The FRS differed depending on sex and men showed poorer lifestyle habits, such as smoking and drinking, than women. Thus, when the FRS was assessed, the risk of developing CVD was higher in men than in women, as variables related to lifestyle habits, such as smoking status, were included. This finding is consistent with those of previous studies that showed differences in the risk of CVD according to sex [35,36].

After adjusting for sociodemographic variables, men in cluster 3 (healthy diet) had a lower 10-year risk of CVD than those in cluster 1 (typical Korean diet). This finding was consistent with that of a study showing that those in the low-risk group for CVD had higher intake of grain, meat, milk, fruit, and vegetables than those in the middle-risk group [37]. Additionally, the result was consistent with those of studies which showed that the DASH diet had beneficial effects on CVD risk indicators [25,38], and those who consumed a Mediterranean diet demonstrated beneficial effects in preventing CVD [39].

In this study, women living alone had a higher 10-year risk of CVD than those living with their spouse. According to Statistics Korea, the proportion of the elderly people living alone gradually increased from 16.0% in 2000 to 23.6% in 2018 [40]. Elderly people living alone were reported to have low health care practices, high stress levels, and poor health status [41]. The elderly may have more health problems due to irregular dietary habits and poor nutritional management.

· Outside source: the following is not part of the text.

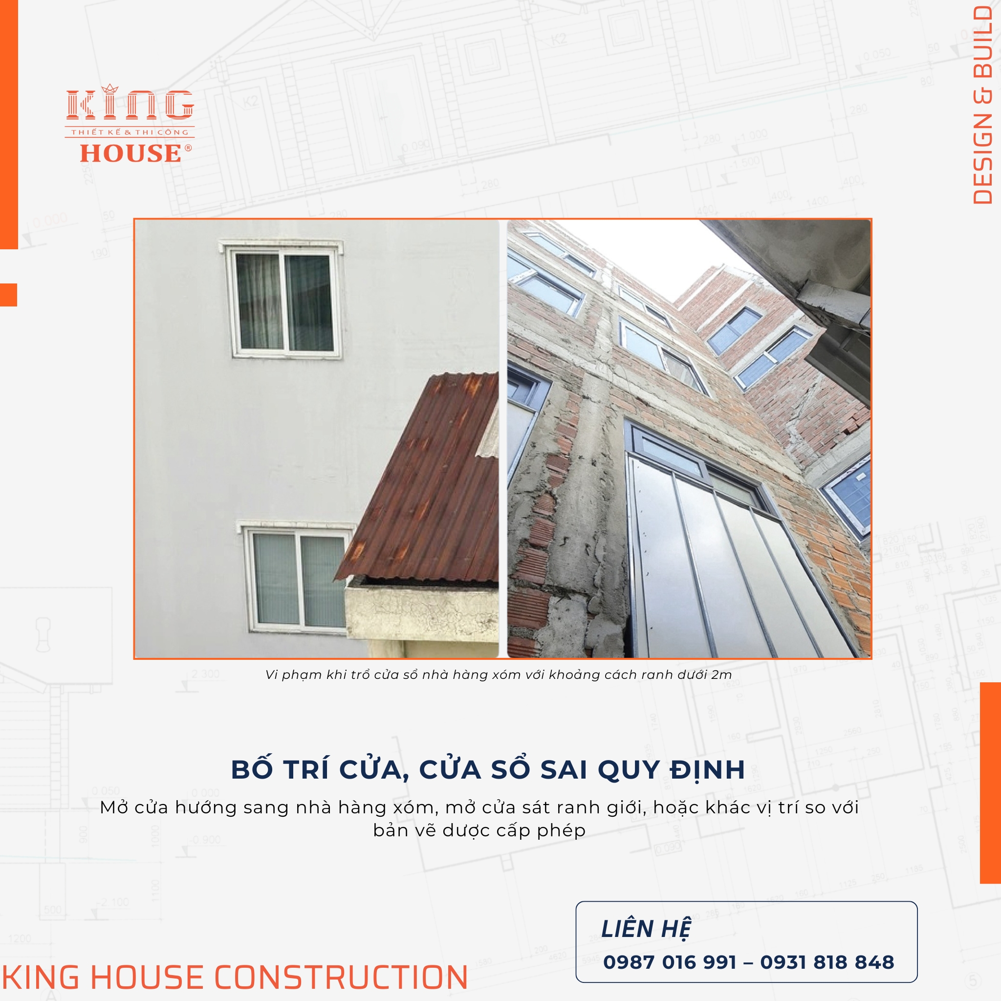 Một lỗi khá phổ biến trong xây dựng nhà phố là bố trí cửa sổ hoặc cửa mở không đúng quy định.

There are several limitations in this study. First, the KNHANES is a cross-sectional study. Although it assessed the relationship between dietary patterns and CVD risk, the causal relationship could not be clearly defined. Secondly, the 24-h dietary recall survey was useful for identifying individual food and nutrient intakes; however, the survey only assesses the quantity of meals consumed the day before the survey. Therefore, it may be inappropriate in assessing long-term food and nutrient intakes [42]. Third, the Framingham CVD risk score was developed by analyzing non-Asian patients aged 20–79 years. Thus, it may not have been optimal for the participants of this study.

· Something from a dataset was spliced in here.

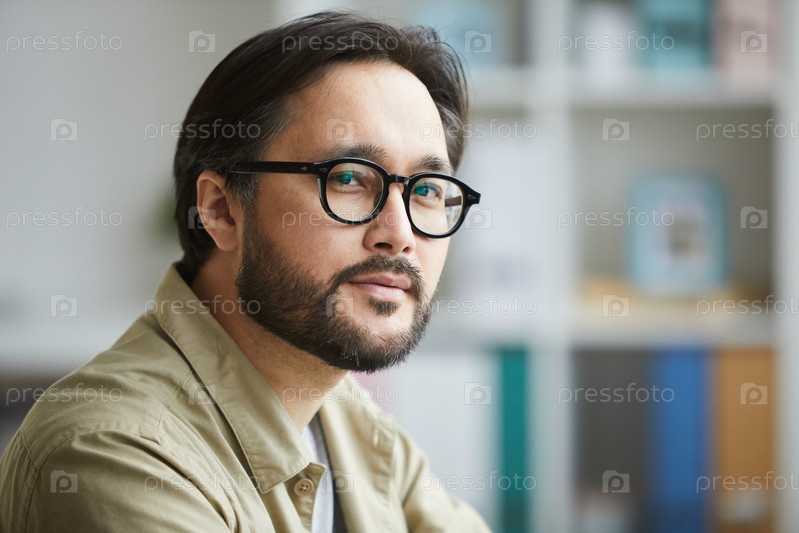 Портрет серьезного уверенного молодого азиатского мужчины с бородой и усами, носящего очки и рубашку во время работы в офисе

Despite these limitations, this study included a large number of subjects, and the effects of other health behaviors were adjusted. Thus, this study is significant in that it established the type of diet that helps prevent CVD.

5. Conclusions

After adjusting for sociodemographic variables, men in cluster 3 (healthy diet) had a lower 10-year risk of CVD than those in cluster 1 (typical Korean diet). When nutrition education programs to improve dietary habits in the elderly are conducted, content on diets consisting of various food groups to prevent CVD is required. In particular, it would be necessary to develop content that emphasizes healthy eating habits in men.

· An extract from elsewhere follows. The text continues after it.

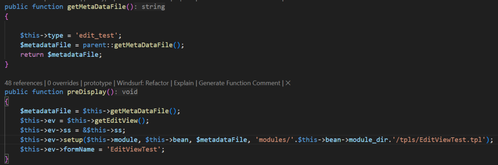ở vd trên thì mình sẽ bắt theo $_REQUEST[‘type’] để điều hướng vào đúng view và viewdefs mình cần, nó sẽ là .view.<$this->view>.php và <$this->view>viewdefs.php để tiếp tục chỉnh sửa.. Lấy vd nếu type mình là test mình sẽ vào view.edit_test.php và edit_testviewdefs.php để tiếp tục chỉnh sửa.

In the nutrition education programs for elderly people in the community, these results can provide them with the information that allows them to choose healthy food for themselves. In addition, when providing food services (meal and side-dish delivery services) in the health care facilities for the elderly or making food as part of self-care activities for the elderly in the community, this information could be an important contribution to cardiovascular disease prevention.